Afferent connections to the lateral hypothalamus: A horseradish peroxidase study in the rat

Horseradish peroxidase, 13% Sigma Type VI, was administered iontophoretically to the mid lateral hypothalamus (LH) of male hooded rats. Animals were perfused intracardially on the following day and brains were removed and sliced in the coronal or sagittal planes into 30–50 μm sections. Sections were processed with DAB and BDH for the brown and blue reaction products and later examined by bright and dark field microscopy for the presence and location of retrogradely labeled neurons.
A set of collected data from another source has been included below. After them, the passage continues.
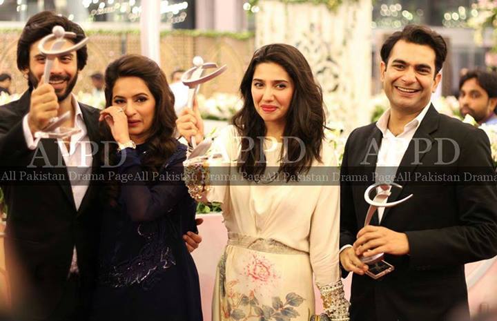 Momina Duraid holds her award for the Best TV Play - Humsafar
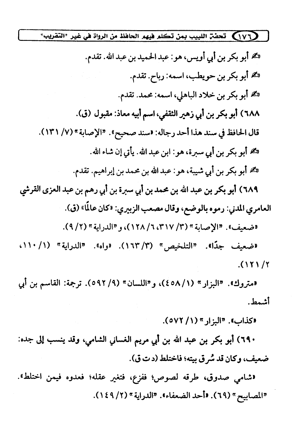 690) أبو بكر بن عبد الله بن أبي مريم الغساني الشامي، وقد ينسب إلى جده: ضعيف، وكان قد سُرق بيته؛ فاختلط (د ت ق).
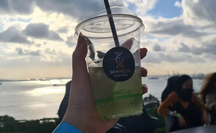 Each ticket comes with a choice of one standard non-alcoholic beverage (a soft drink or slushie) or an exclusive SkyHelix Sentosa souvenir. But there's also an array of ready-to-drink cocktails as well as pastries like croissants, puffs and muffins.
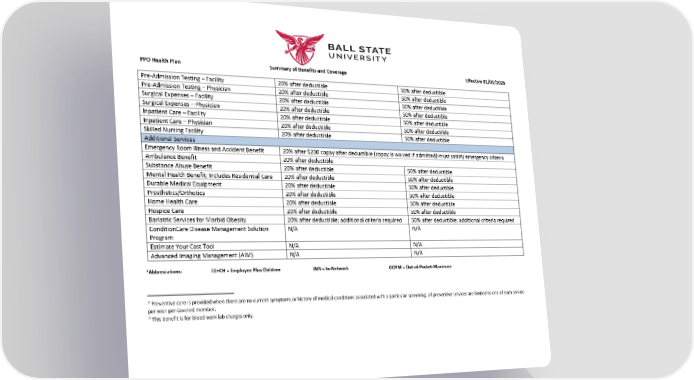PPO Health Plan Summary of Benefits and Coverage Effective 01/01/2026 Pre-Admission Testing – Facility 20% after deductible 50% after deductible Pre-Admission Testing – Physician 20% after deductible 50% after deductible Surgical Expenses – Facility 20% after deductible 50% after deductible Surgical Expenses – Physician 20% after deductible 50% after deductible Inpatient Care – Facility 20% after deductible 50% after deductible Inpatient Care – Physician 20% after deductible 50% after deductible Skilled Nursing Facility 20% after deductible 50% after deductible Additional Services Emergency Room Illness and Accident Benefit 20% after $200 copay after deductible (copay is waived if admitted)-must satisfy emergency criteria Ambulance Benefit 20% after deductible Substance Abuse Benefit 20% after deductible 50% after deductible Mental Health Benefit; Includes Residential Care 20% after deductible 50% after deductible Durable Medical Equipment 20% after deductible 50% after deductible Prosthetics/Orthotics 20% after deductible 50% after deductible Home Health Care 20% after deductible 50% after deductible Hospice Care 20% after deductible 50% after deductible Bariatric Services for Morbid Obesity 20% after deductible; additional criteria required 50% after deductible; additional criteria required ConditionCare Disease Management Solution Program N/A N/A Estimate Your Cost Tool N/A N/A Advanced Imaging Management (AIM) N/A N/A *Abbreviations: EE+CH = Employee Plus Children INN = In-Network OOPM = Out-of-Pocket-Maximum 1 Preventive care is provided when there are no current symptoms or history of medical conditions associated with a particular screening; all preventive services are limited to one of each service per year per covered member. 2 This benefit is for blood work lab charges only.
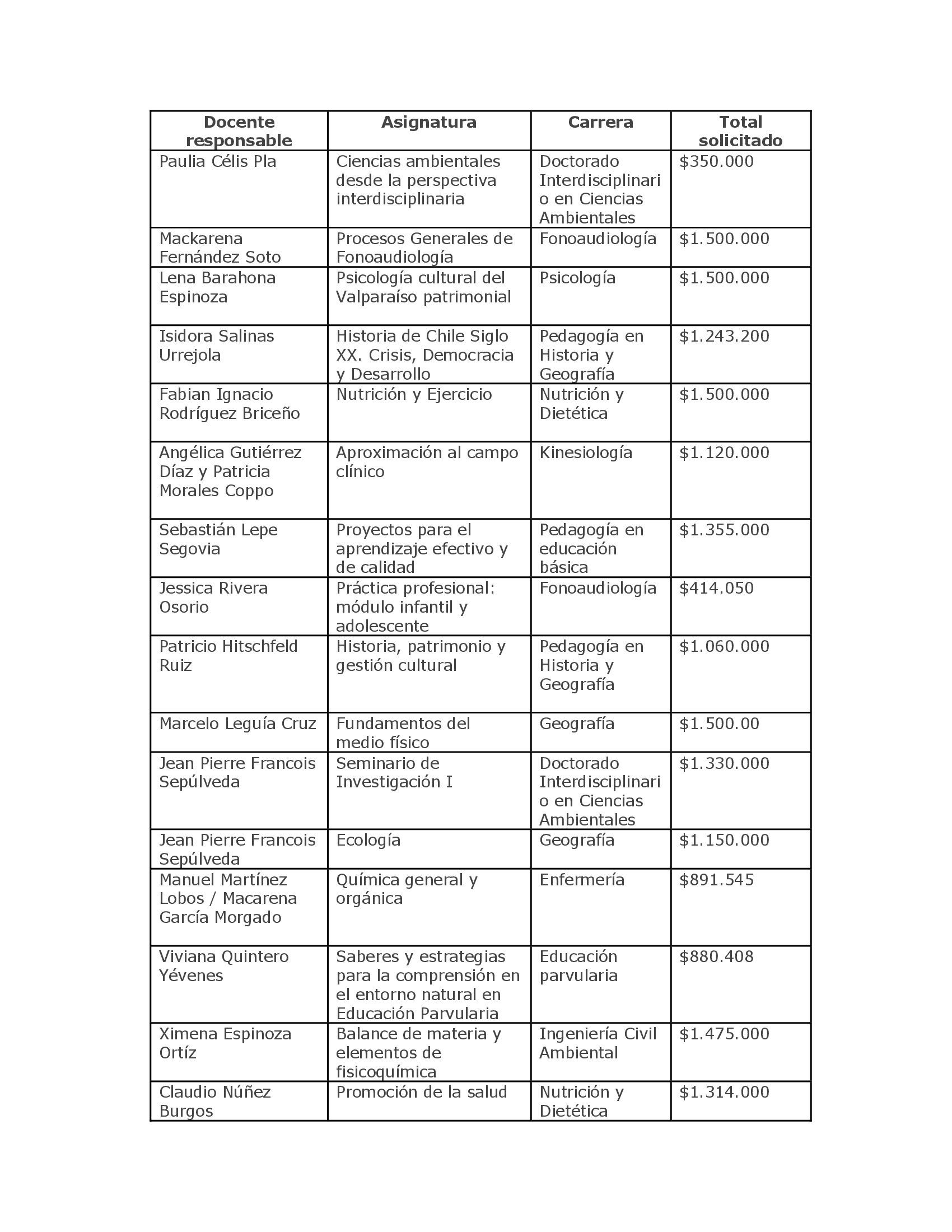 En su primera versión, el Fondo fue adjudicado por 16 iniciativas correspondientes a las facultades de Ciencias Naturales y Exactas, Ingeniería, Ciencias de la Salud, Ciencias Sociales, Ciencias de la Educación y Humanidades.
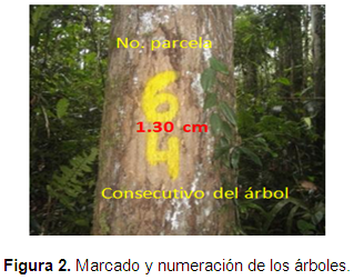 b) Marcado: Para efectos de una mejor identificación en el campo, cada árbol fue marcado con pintura amarilla brillante, utilizando para ello dos números: arriba el número de la parcela y abajo el número consecutivo del árbol, los cuales fueron anotados en el formulario.
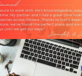 “Dan was remarkable throughout the entire house search and purchase experience. He started with determining what we are looking for. Over the course of the search, he was patient, understanding that we will need to see a variety of places to establish our final list of wants and needs, and was both courteous but honest when he thought something was not a good value. Note that Dan is very knowledgeable about house construction through the decades, as well as different areas within and around Ottawa. He is also very pragmatic and shrewd when it comes to reading the market.
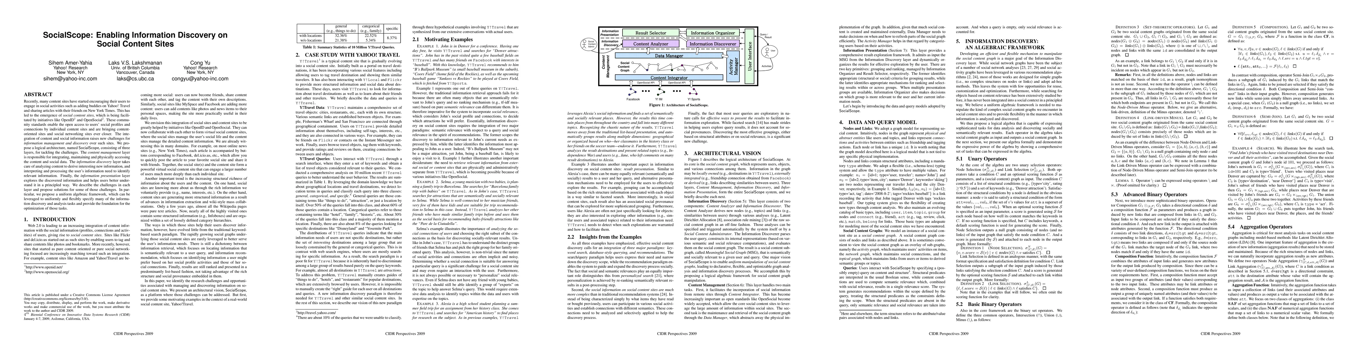 SocialScope is a proposed architecture to manage and discover information on social content sites, integrating content and social data through three layers: content management, information discovery, and information presentation. The framework addresses challenges in each layer with a uniform algebraic approach for flexible information discovery and analysis.

Results indicate that a significant number of afferent connections to the LH originate in the olfactory and accumbens nuclei, pyriform cortex, olfactory tracts, magnocellular and medial preoptic and anterior hypothalamic regions, stria terminalis, stria hypothalamic tract, diagonal tract of Broca, caudate-putamen and globus pallidus, internal capsule, lateral septal nuclei, lateral preoptic area and anterior medial forebrain bundle, the various amygdaloid nuclei, zona incerta, perifornical region, dorsal and ventral medial hypothalamic areas, supraoptic, paraventricular and periventricular nuclei, posterior hypothalamus and medial forebrain bundle, ventral thalamic nuclei, the fields of Forel, arcuate and mammillary nuclei, adjacent to the fasciculus retroflexus, in the ventral tegmental area of Tsai, interpeduncular nucleus, substantia nigra, mesencephalic reticular formation, periaqueductal gray, locus coeruleus and parabrachial region. Results are discussed in terms of previous anatomical and neurophysiological data, probable pathways, and the function of LH neurons.     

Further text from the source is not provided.